Guglielmo Cavallo (born 18 August 1938 in Carovigno) is an Italian palaeographer, Emeritus Professor of the Sapienza University of Rome.

Life 
Cavallo graduated from the University of Bari in 1961, with Carlo Ferdinando Russo; shortly after, he became assistant of Alessandro Pratesi, then Professor of palaeography and diplomatic. In 1969, he moved to Rome and first became assistant of Greek Palaeography at the Special School for Archivists and Librarians (then Professor of Latin paleography since 1975), also teaching 'Storia della tradizione manoscritta' (History of the manuscript tradition) at the 'Sapienza' University of Rome. In 1978, he became Professor of Greek Palaeography in Rome. He retired from his teaching duties in 2008 and was nominated Emeritus.
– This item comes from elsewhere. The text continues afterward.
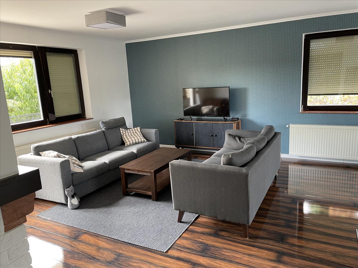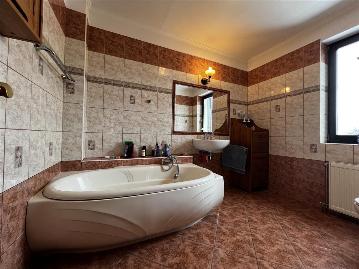 A felső szinten található ugyancsak egy nagy amerikai konyhás nappali étkezővel, 3 szoba, egy kádas fürdőszoba és egy zuhanyzós fürdőszoba mellékhelyiséggel.

As of 2022, he is the President of the Comitato per l'edizione nazionale dei classici greci e latini (i.e. 'Committee for the National Edition of Greek and Latin Classical [Texts]') and Coordinator of its periodical journal, the Bollettino dei Classici.

Research activity 
Cavallo is one of the leading Italian palaeographers, specializing in papyrology, Greek and Latin writing of the Ancient and Medieval times and history of the manuscript tradition. His first major academic publication was an extensive study of Greek uncial (also known as 'Biblical uncial'). In 1974, he delivered a paper at the International Colloquium of Greek Palaeography held in Paris, proposing a new method for studying Greek uncial of the VIII–IX centuries. In 1983, Cavallo produced the first catalogue of Greek hands found in the Herculaneum papyri.

He examined and described Codex Basilensis A. N. III. 12 and dated it to the early 8th century. He examined Papyrus 39, Uncial 059, 0175, 0187, Lectionary 1386 and many other Greek manuscripts from the Byzantine period and organized and directed facsimile editions of Greek manuscripts such as the Codex Purpureus Rossanensis and the Dioscurides Neapolitanus and the 25th and the 19th volumes of the Chartae Latinae Antiquiores (ChLA). In 1997, with Giovanna Nicolaj, he founded the second series of the ChLA (Chartae Latinae Antiquiores series II – ChLA2), containing volumes L to CXVI and voll. CXVII (appendix to Italy) and CXVIII (appendix to Switzerland, Luxembourg and Spain). He also edited facsimiles of Greek and Latin manuscripts and two collections of reproductions, with commentary, of Greek literary hands from the early Byzantine and Hellenistic periods, with H. Maehler. In 2008, he published an handbook of Greek and Latin Palaeography of papyri.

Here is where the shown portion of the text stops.